Fig. 4 (a) Fluorescence spectra and (b) emission decay curves for antennas of varying sizes (diameters ranging from 250 nm to 850 nm). (c, d) Scatter plots showing the fluorescence enhancement and lifetime as a function of the nanoantenna diameter (red points). The dotted lines represent the total fluorescence enhancement (c) from the simulation, as well as the inverse of the radiative decay rate (d).

Fig. 4d summarizes the impact of antenna diameter on the experimentally measured fluorescence lifetime (left axis) and the simulated radiative decay rate (right axis). For example, antennas with a diameter of 350 nm reduce the average fluorescence lifetime to 1.8 ns, while other sizes maintain lifetimes up to 2.2 ns. This represents a nearly two-fold reduction compared to the reference lifetimes of 2.9 ns on a glass substrate (Fig. S3b, SI). This trend reflects the ability of resonant GaP antennas to modify the LDOS of fluorescent molecules, thereby enhancing the radiative decay rate via the Purcell effect.³⁵ As illustrated in Fig. S10, electromagnetic simulations reveal that the radiative decay rate (K_r) increases with antenna size, while the non-radiative decay rate (K_nr) remains significantly lower across the visible spectrum (Fig. S10b). The simulated radiative lifetime (τ ∝ 1/K_r) shows a strong correlation with the experimentally measured fluorescence lifetimes (Fig. S10a, right axis), confirming that the observed lifetime reduction is primarily driven by accelerated radiative decay. Furthermore, the quantum yield (QY/QY₀) is enhanced at the resonance wavelength (Fig. S10c), demonstrating an overall improvement in emission efficiency. These results collectively support the interpretation that the fluorescence enhancement is dominated by radiative rate modification, rather than non-radiative quenching.^38,39 Compared to the simple glass structure (Fig. S11), there is a notable shift in the distribution of radiation energy, with the far-field radiation now being confined to a narrower angle range of 10° to 30°. The agreement between theoretical predictions and empirical results underscores the reliability of using GaP nanoantennas to modulate fluorescence properties through dimensional control.

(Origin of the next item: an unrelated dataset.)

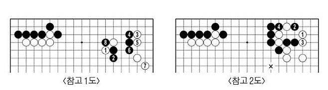 백46에 먼저 붙이고 48에 밀었다. <참고 2도>처럼 순서가 달라지면 백'x'를 선수로 둘 기회가 없다.

Finally, we examined the influence of excitation power on fluorescence enhancement as shown in Fig. 5. Fig. 5a shows the fluorescence spectra of antennas (550 nm in diameter) under excitation powers ranging from 0.5 µW to 3.5 µW. As the excitation power increases, the fluorescence spectrum grows proportionally, as evidenced by the progressively increasing spectra. According to the peak statistics in Fig. 5c, fluorescence enhancement increases linearly with excitation power, with no observed saturation effect. This linear dependence is consistent with previous studies where the system remains well below the saturation regime.⁴⁰ This indicates that the nanoantenna effectively enhances fluorescence across a wide range of powers. At an excitation power of 3.5 µW, the enhancement reaches over 105-fold, while an 18-fold increase is achieved even at the low excitation power of 0.5 µW. This linear response across a wide power range, with no degradation in lifetime (Fig. 5d), indicates robust performance under low-excitation conditions, making the antenna suitable for applications requiring minimal photodamage and high signal fidelity, such as biosensing and single-molecule tracking. While the system remains linear up to 3.5 µW, nonlinear effects such as fluorophore saturation or thermal response may arise at higher powers, which could be explored in future studies.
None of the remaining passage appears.